I’ve listened to a lot of dub poetry in fairly deep patois over the years, and after this one-toothed oldster jabbered away for a while I realized he WAS speaking English—but creolized. “You’re wearing four pairs of pants?!” I exclaimed, and while the Costa Ricans laughed he said it was so much warmer in his country, he couldn’t live in this cold. This scion of English was almost as hard to grasp as a French Creole:


“You know what time I been out there since four o’clock I’ve been out there…Four pants I’ve got on me and I’m still feeling fucking cold.” / “You’re wearing four pairs of pants?” / “Yeah yeah four pairs of pants I’ve got on me!” / “It’s not so cold, you don’t need that now.” / “NOT COLD? …You fucking American you…your fucking country not cold?” / “Where you from?” / “From Guyana.” / “It’s hot there.” / “Hot hot hot!”

It was only when he combined monologues on drinking too much rum and “poosey” that we realized we had picked up the dirty old misogynistic Granddad who tells nasty jokes, complains about the man exploiting him and brags about how much money he has (in Guyana of course). He had the foulest mouth of any pensioner I’ve met, and I worked for years in a retirement home—even the foulest mouth I’ve heard bar none. Apparently Guyanese prostitutes are the best, but “dey na suck dick ova deyah in Guyana.” I have more video, but this is some of the more intelligible. It was still night and I was trying to be stealthy, so hardly a thing can be seen. He almost cracks up at one point, so you have to suspect this is all some deep theater. This translation is sketchy too.


“They not suck dick over there in Guyana. Only them fucking nasty ones…you give them thousand dollar, come man and clean it out (?)…Anything you care for you give a fucking twenty dollars them, you forget and fuck them all over suck them you hard, you suck them all over they fuck you.”

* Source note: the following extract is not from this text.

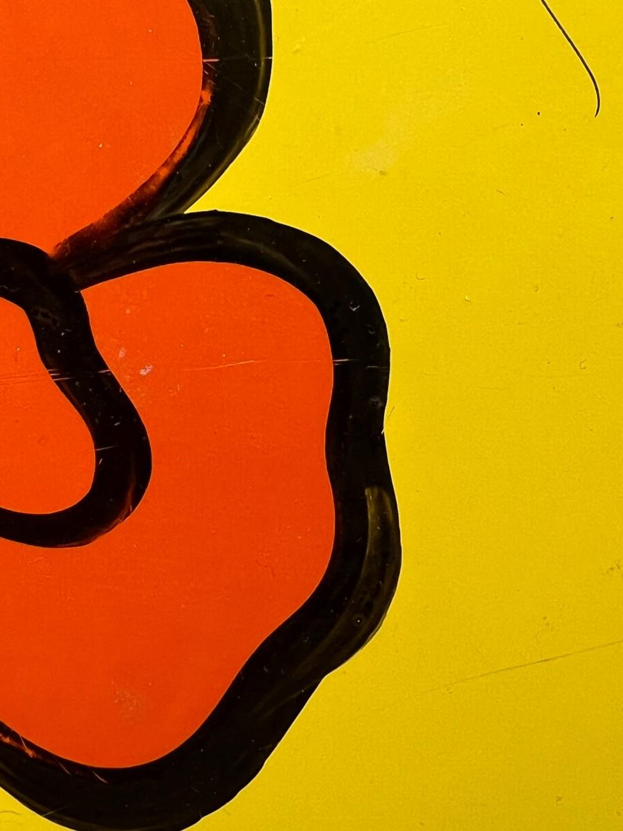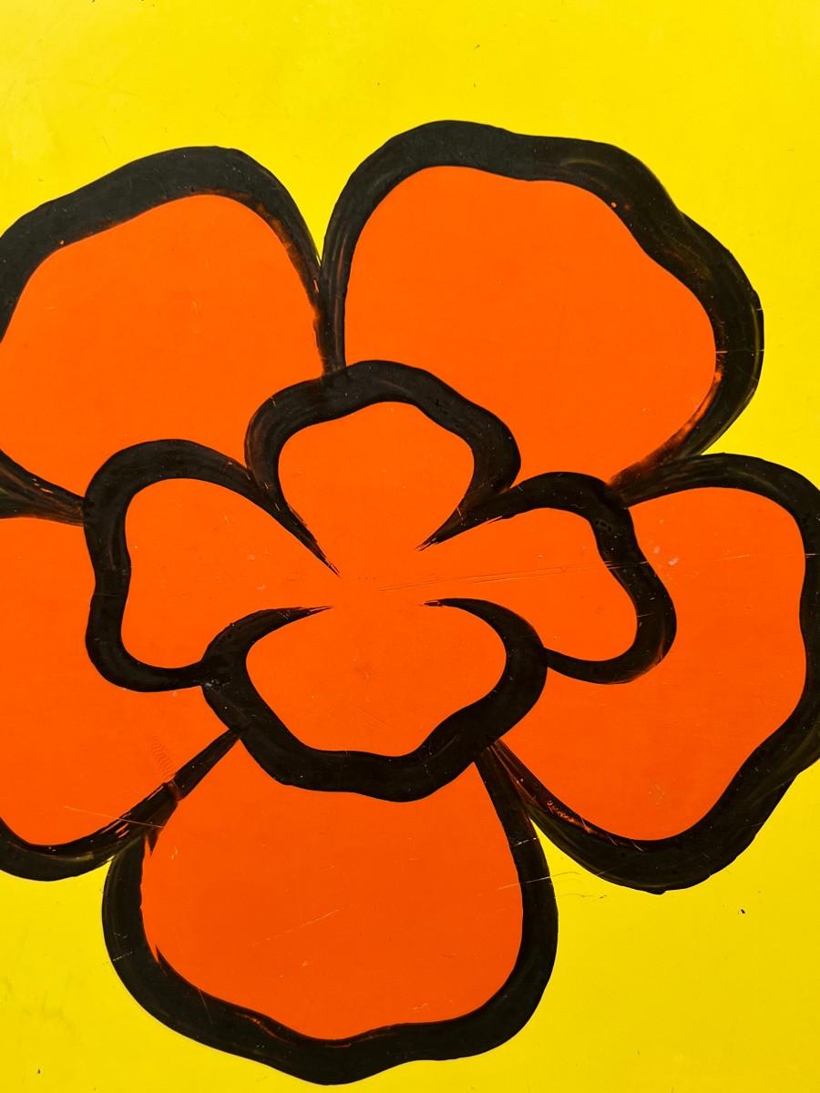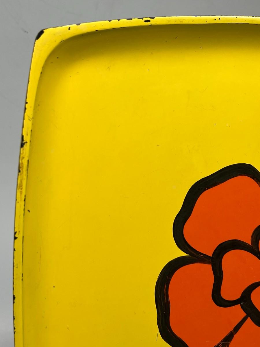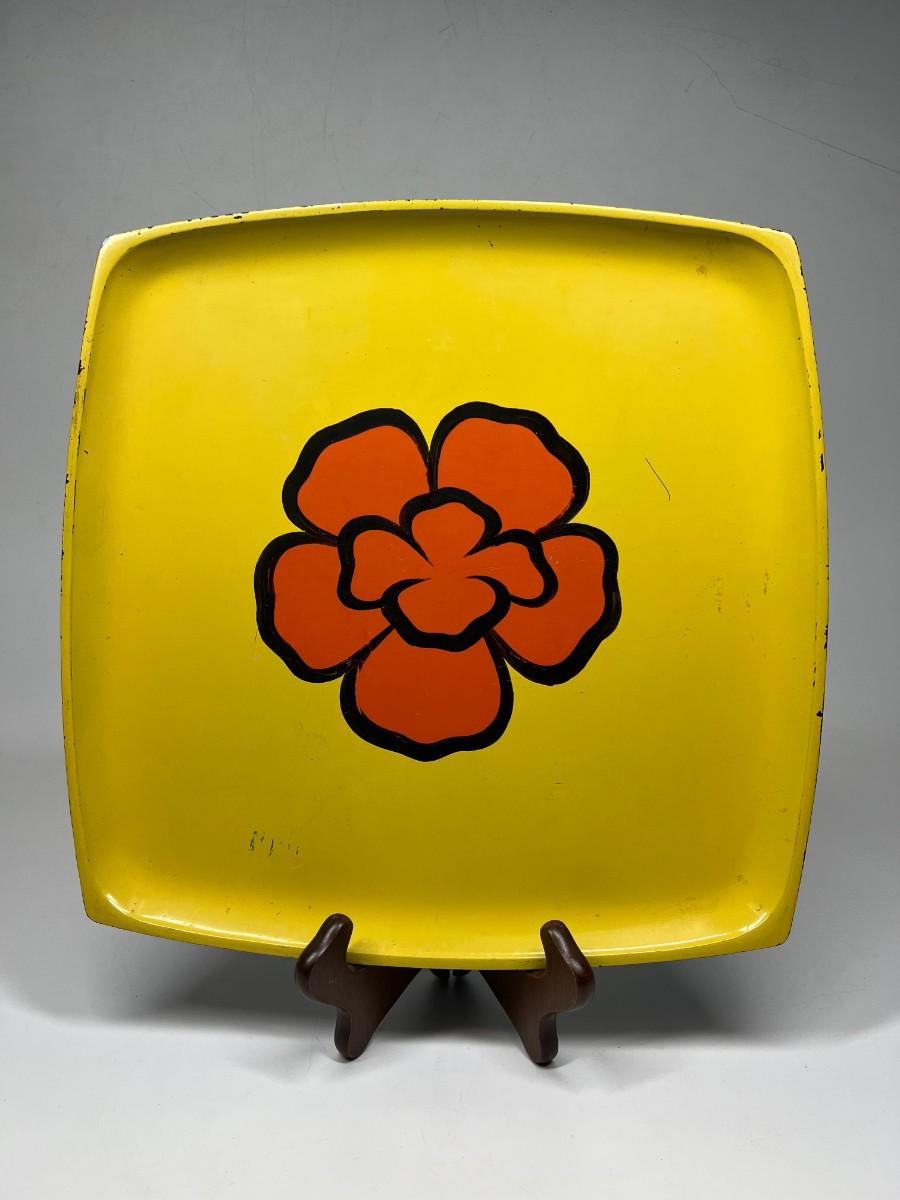 Vintage Mod Yellow and Orange Flower Center Square Serving Plate Tray. In vintage previously used condition. Some light scratches. About 13" diameter. Partial sticker on the back.
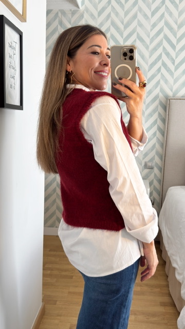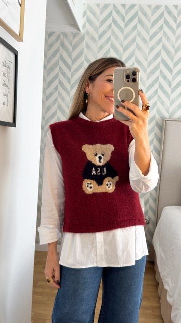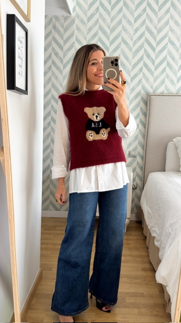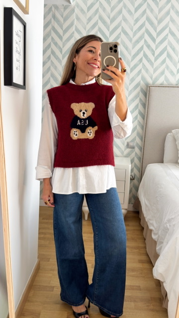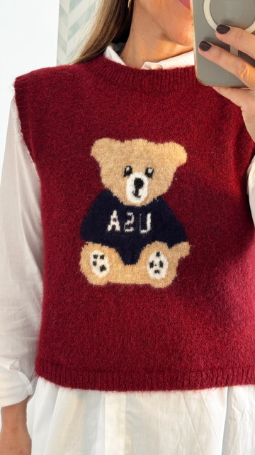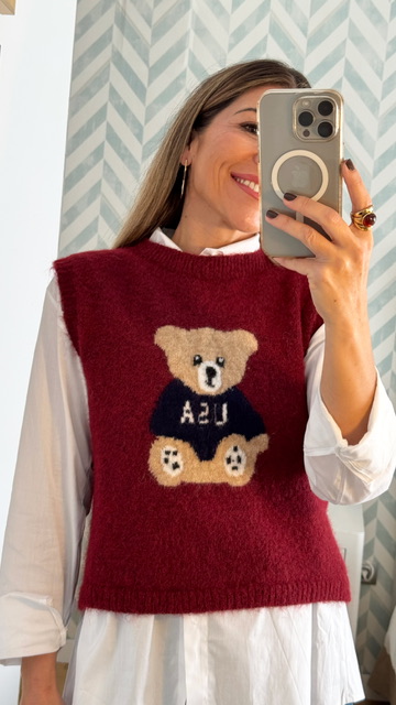 Chaleco sin mangas con dibujo de oso en la parte delantera en color burdeos. Talla única válida desde la 36 hasta la 44.

He was telling us a yarn about a traffic stop in Guyana for watching porn on an overhead DVD while driving when we got to my place at 0645. My Korean neighbors, ever industrious and shoveling instead of snowblowing like all melanoid locals, were astonished at this personnel carrier pulling up in front of their driveway. The Korean mom just gaped, shovel in midair. Nasty Gramps thought they wanted a ride, so he started to roll down the window—but the kid quickly talked him out of that. I got out as quickly as I could to reassure them, and paid the brother $30 for a ride that might have cost that under normal circumstances. Breaking practice and principle, I told them "God Bless."

I don’t truck much in “the [value] of the human spirit,” but sometimes the individual exceeds/accedes the state.